And then Lisbeth Longfrock fell asleep.


The next day, with the lunch bag upon her back, Lisbeth Longfrock set out for a forest that lay not far off, taking the sheep and goats with her. She had not succeeded in getting Crookhorn to go along, however. The self-willed goat had taken the shortest cut up to the north meadow, where the cows were again pastured.

Lisbeth's second working day, like her first, seemed a very long one, for the forest was wonderfully lonesome and still. The little girl had time to think of many, many things,—of her mother and Jacob and Peerout Castle; and it must be acknowledged that she cried a wee bit, too.

[ ]

CHAPTER V

SUMMER: TAKING THE ANIMALS UP TO THE SÆTER

Upward over the open slope across the valley from Hoel Farm a lengthy procession was taking its way.

Kjersti Hoel stood at the window of her room, following the procession with her eyes as long as she could, for soon it would vanish from the open slope into the wooded part of the mountain. The herds belonging to Hoel Farm were that day being taken up to the sæter,[8 ] to spend the summer grazing on the rich grass which grows in sunny spaces here and there on the mountain heights.

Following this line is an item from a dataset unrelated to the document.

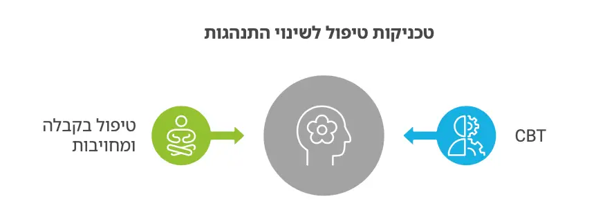 • טיפול קוגניטיבי-התנהגותי (CBT) :זיהוי עיוותים קוגניטיביים, כגון חשיבה בשחור-לבן, ועבודה לשנותם. שימוש בהפעלה התנהגותית כדי לעודד פעולות חיוביות שמובילות לשיפור במצב הרוח ולהפחתת הימנעות ממתח ומחוסר נוחות.

At the head of the procession rode the milkmaid on the military horse,[9 ] which for this occasion had a woman's saddle upon its back. The saddle had a high frame, so that it looked almost like an easy-chair; and the milkmaid sitting aloft on it, dressed in her best, and with a white linen kerchief on her head, was rosy, plump, and also somewhat self-conscious, for was not she the most important person in the company, the one who was to give all the commands?